July
10th
  10:46:00 AM

Civil “liberties” group runs campaign against single-sex schooling

boys in school

 Boys at work in their classroom.  Photo: Seattlepi/ Jessie L. Bonner / AP

Can someone tell me why the American Civil Liberties Union is determined to stamp out single sex education in public schools (evidently they can’t do it to independent schools)? Aren’t these the same people that say there is a right to same-sex marriage -- that’s, like, single sex marriage?

When the US Education Department allowed some choice on this matter starting in 2006, more schools began to offer all-boy and all-girl classes and now some 500 have this option. In many, if not most, cases the aim is to help boys catch up to girls in achievement, by gearing methods to the different needs of either sex. There is also the small matter of removing the distractions that come from mixed classrooms. Parents can opt out if they want their kids in a co-ed classroom. So, no compulsion -- right?

And yet in May the ACLU launched a national campaign against the practice and is targeting selected schools to force them to drop single sex classes. A number of schools have bowed to pressure. The pressure group, supported by the American Psychological Association, claim that segregated classes, even within a co-ed school, promote “gender stereotypes” and lead to “sexism”. They claim there’s “lots of data” and “evidence” to support their view. Really? If the studies are of the same calibre as the research about lesbian parenting that the APA has promulgated with the solemnity of holy writ, it will be perfectly useless.

Doug Bonney, legal director for the ACLU of Kansas and West Missouri, where he has succeeded in getting single sex classes suppressed in one school district, says they promote “false stereotypes about sex-based differences that don’t exist.”

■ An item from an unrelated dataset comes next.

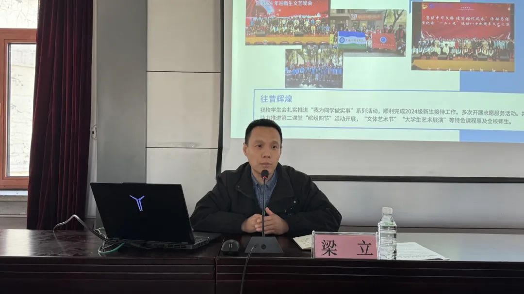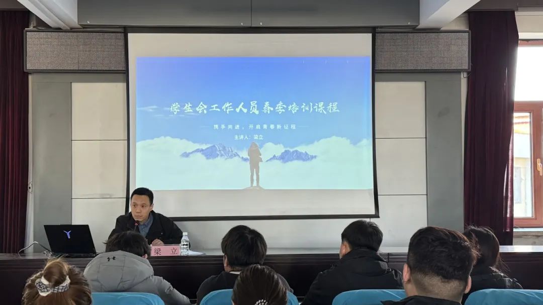 培训会上,梁立首先解读了《学校共青团2025年工作要点》文件内容,然后分别从学生会职责与使命、团队协作与沟通技巧、工作方法与创新思维、纪律与自我提升和互动答疑与交流5个方面进行了深入浅出的讲解。

That’s the agenda, isn’t it? To deny differences between the sexes and make us all homosexuals. And they further try to discredit single sex education in public schools by tracing its roots to the South and opposition to desegregation.

Nancy Levit, a law professor at the University of Missouri-Kansas City, addressed this issue at a meeting of the Association of American Law Schools: "Think about it, in terms of race," she said. "What would people say if the state paid for an all-white school or an all-black school? As long as there was a racial element nobody would have a problem seeing a constitutional difficulty."

Well, piffle! Race and sex are completely different issues. Completely. And a federal judge said as much in a court case about single sex classes last year. No wonder single sex education advocate Dr Leonard Sax got hot under the collar about this nonsense.

“Either they’re really stupid and not able to grasp what the judge is saying in the ruling, or they’re being deliberately misleading,” he told the Seattle Post-Intelligencer.

The ACLU is clearly very selective about what it considers "civil liberties".